Emphasising the link between assurance and risk management would help, he continues: “The one thing boards really understand these days is risk, but they don’t necessarily understand the link between risk and assurance.
“If there is no risk, there is no benefit in assurance activity. Assurance can generate information that gives organisations a better understanding about how their risks are being managed and make suggestions about how risk can be managed better. If that link is continuously stressed at all levels of the organisation, the right sort of language can then be taken into the board in order to provide better understanding of what assurance is all about.”
Millard states that, when the Assurance SIG was set up in 2007, “we didn’t quite appreciate how much guidance was needed about what assurance was, let alone integrated assurance”. The fact that the toolkit has been received so well is a measure of the progress that has been made in this area, and the continuing professionalism of project managers.
Jo Russell is a business writer and editor.
The tools for the job
Recognising the need for a more joined-up approach to project assurance, the APM Assurance Specific Interest Group (SIG) has produced a free-to-download toolkit, called Measures for Assuring Projects.
Designed to be used by project teams for self-assessment, the toolkit consists of a summary sheet for rating project assurance and examples of evidence that support a good assurance measure score.
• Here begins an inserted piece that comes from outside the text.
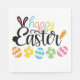 A Colorful Happy Easter Party Napkin With A Cute Script Design Into A Rabbit With Eggs
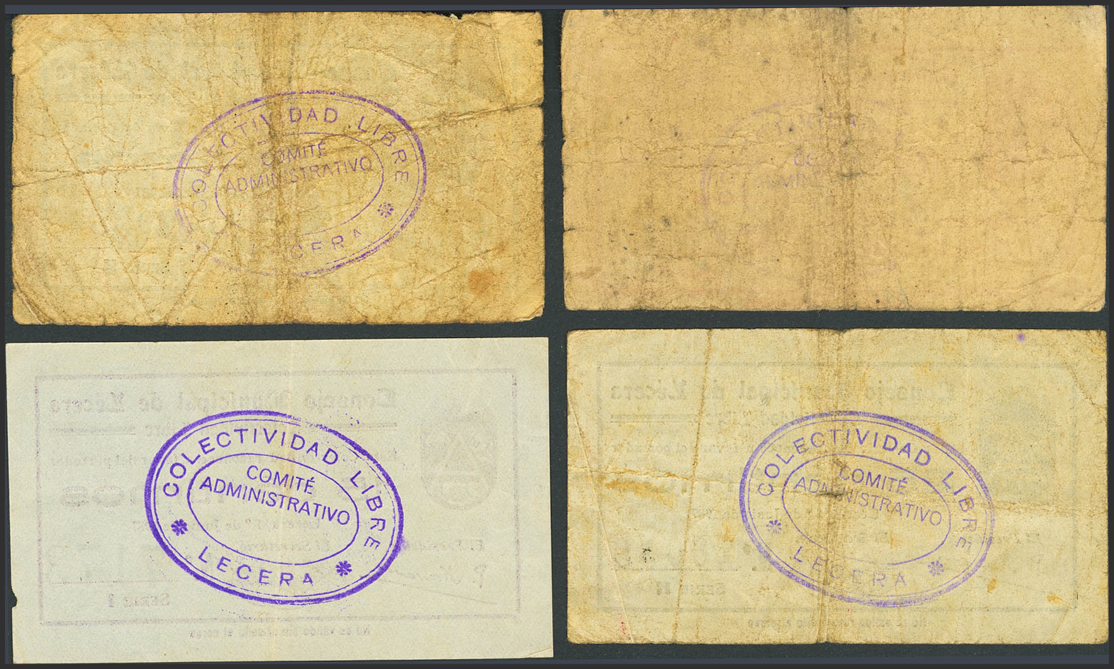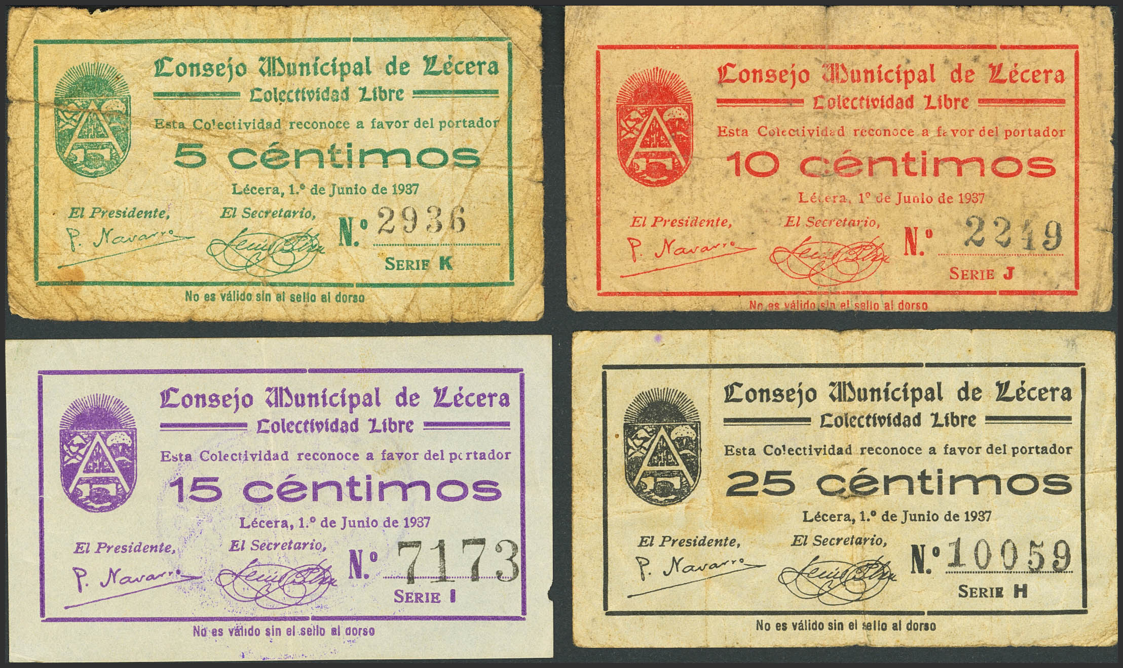 LECERA (ZARAGOZA). 5 Céntimos, 10 Céntimos, 15 Céntimos y 25 Céntimos. 1 de Junio de 1937. (González: 3120, 3121, 3122, 3123). Inusuales. BC/MBC.

By using a definitive framework, project professionals will help minimise the risk of duplication or gaps and increase the comparison of assurance outputs.
As Roy Millard, committee member and former chair of the SIG, says: “If your organisation has 100 projects on the go, using the toolkit will give you the ability to take an assurance picture of all those 100 projects and see where some are being run better than others.
“It gives you a way of benchmarking one project to another. That can then feed into learning for other projects and into continuous improvement.”